Novel AI Methods For Video Generation for Marketing & Advertising

This research summary is part of our AI for Marketing series which covers the latest AI & machine learning approaches to 5 aspects of marketing automation:

AI algorithms can significantly increase the efficiency of the original content generation by offering entirely new approaches to creating videos for advertising campaigns. Do you want to create videos conditioned on captions that are provided in the marketing brief? Do you want to create animation when you have only a first and an end frame? Would you like to create a video with a talking model, while you have only a few shots of the respective person?

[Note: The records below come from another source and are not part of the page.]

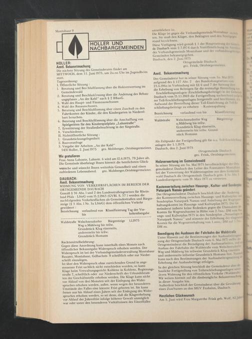 Diese Verfügung wird gemäß § 1 der Hauptsatzung der Gemein de Daubach vom 2.7.1974 durch Veröffentlichung im Amtshl.m der Verbandsgemeinde Montabaur und der verbandsangehörig Gemeinden bekanntgegeben.
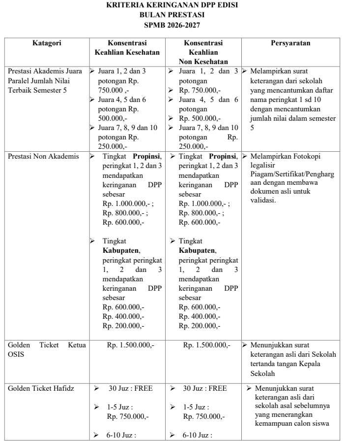 - Bebas buta warna total/sebagian untuk pilihan program keahlian kesehatan.
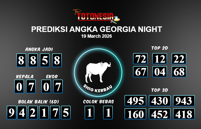 Prediksi GEORGIA NIGHT adalah perhitungan nomor togel unggulan dari agen suhu togel yang menyajikan angka prediksi paling akurat, sehingga memberikan banyak keuntungan saat bermain di pasar togel GEORGIA NIGHT . TotoNesia adalah prediksi dengan rasio kemenangan tertinggi di Indonesia. Sebagai penyedia togel yang dapat dipercaya, kami bertekad untuk memberikan ramalan togel yang handal dengan hadiah terbesarnya. Maka dari itu, jangan sampai terlewatkan prediksi bandar togel dengan hadiah terbanyak bet 100 dari pasar togel terbaik GEORGIA NIGHT Daftar sekarang juga di bandar.
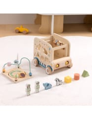 - - Ruchome elementy: koraliki na pętli motorycznej, koła zębate, sorter kształtów, obracane klocki z obrazkami
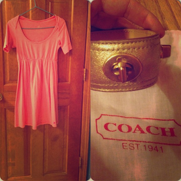 Does the bracelet come with the Coach bag its sitting on? What is the brand of the dress & the size of the dress & the material of the dress? Thank You! :-)
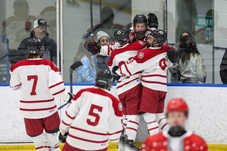 Concord senior Tyler Morin (15) is swarmed by teammates Tyler Mayo (24), Nolan Walsh (9), Brayden Beauregard (7) and Reece Mounsey (5) after scoring a first period goal. Credit: RICH MIYARA / NH Sports Photography

AI research teams from all over the world look for new solutions to video generation that require less and less data and as such are more applicable in the real-world setting. For your convenience, we’ve summarized here several recent approaches to video synthesis that can be of particular interest for marketers as they allow video generation from only a few still images.

If these accessible AI research analyses & summaries are useful for you, you can subscribe to receive our regular industry updates below.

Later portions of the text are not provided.